How we would use the ODK Central submission edit logs:

  1. On a per record basis: Filter Submissions to "edited", inspect each by hand, as seen in above screenshot. This can answer questions for an individual record, but might not scale terribly well.
  2. On a per form or project or server basis: Get a very generic table of form ID, submission ID, submission version (one for the original submission, one per edit), submission content (the entire submission after that edit), editor, datetime, (edit comments?). Answer some questions in bulk with some analysis of that entire table. This would certainly be a good workout for the poor analyst, but could scale well. I don't have a hostile inquiry here yet so I don't know which questions might be asked.

The outcome would be that we can defend the data as "as truthful as we can make it" by showing every edit to the inquiry.


Closing thought on the Sentry logs.
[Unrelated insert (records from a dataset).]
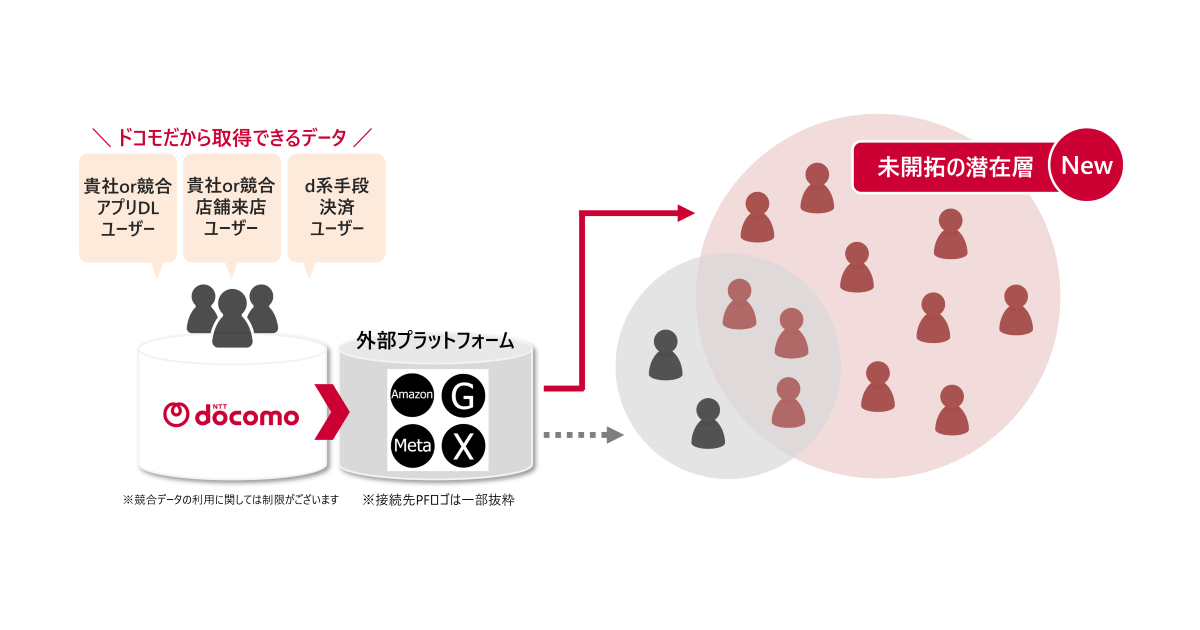本ソリューションは、株式会社NTTドコモが保有する1億超(※1)の会員基盤に基づくドコモデータを活用し、広告プラットフォームだけでは発見が難しかった「未開拓の潜在層」への高効率な広告配信を可能にするものです。
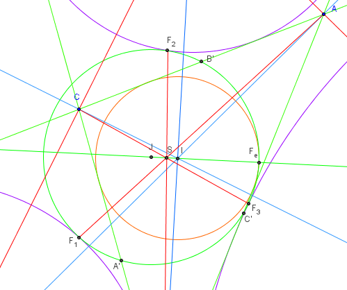 et les trois cercles exinscrits s'appellent les points de Feuerbach du triangle.
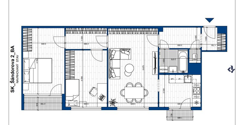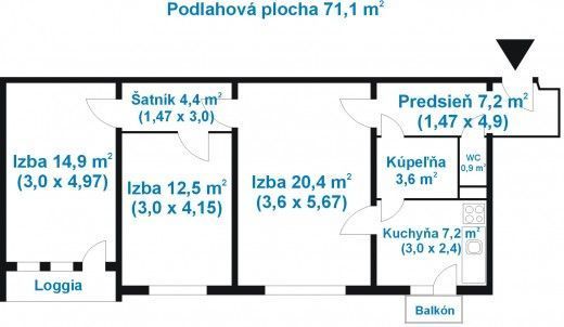 Situovaný je na 5 poschodí v 8 poschodovom zateplenom bytovom dome, k bytu prislúcha priestranná murovaná pivnica v suteréne. Úžitková plocha bytu je 71,1 m2 pivnica má výmeru 2 m2, balkón 1,5m 2 a loggia 3 m2.

I understand that the built in Sentry logging provides the ODK core team with valuable usage and error reporting.
I'm not sure whether these logs are a good place for a submission edit log (likely not), but if we rethink logging and who accesses and analyses all kinds of logs, this is another source.

As a maintainer of a self-hosted ODK Central instance, I would benefit from the insight gained from Sentry logs: is my server OK, which projects/forms are used (can I close them, did I migrate everyone to a new form etc).

Sentry is great for server issues, as it yells at me via email in real time about issues requiring my attention.
Central logs are great if I need to go back and audit the change history of a submission.

Therefore my needs are:
ODK Central logs accessible via API are ideal for submission edit logs.
Having an optional second Sentry instance receiving server errors would retain ODK core team's monitoring while also giving me as the maintainer insights I need to act on.

Sentry is an error-logging service and is really just a way to aggregate what each self-hosting administrator can get from their local logs so that we can act on it. There's no usage information tracked other than incidentally (if a piece of code crashes, that's an indicator that it's used).

The nature of the issues are typically such that you'd have to either patch the server yourself or file an issue. This is really stuff that's more actionable for the dev team. The only exception I can think of is unfortunately an issue you ran into -- where you hit some kind of database issue that locked everything up in a way that the server would still look "up" to most uptime monitors. We haven't seen that one since.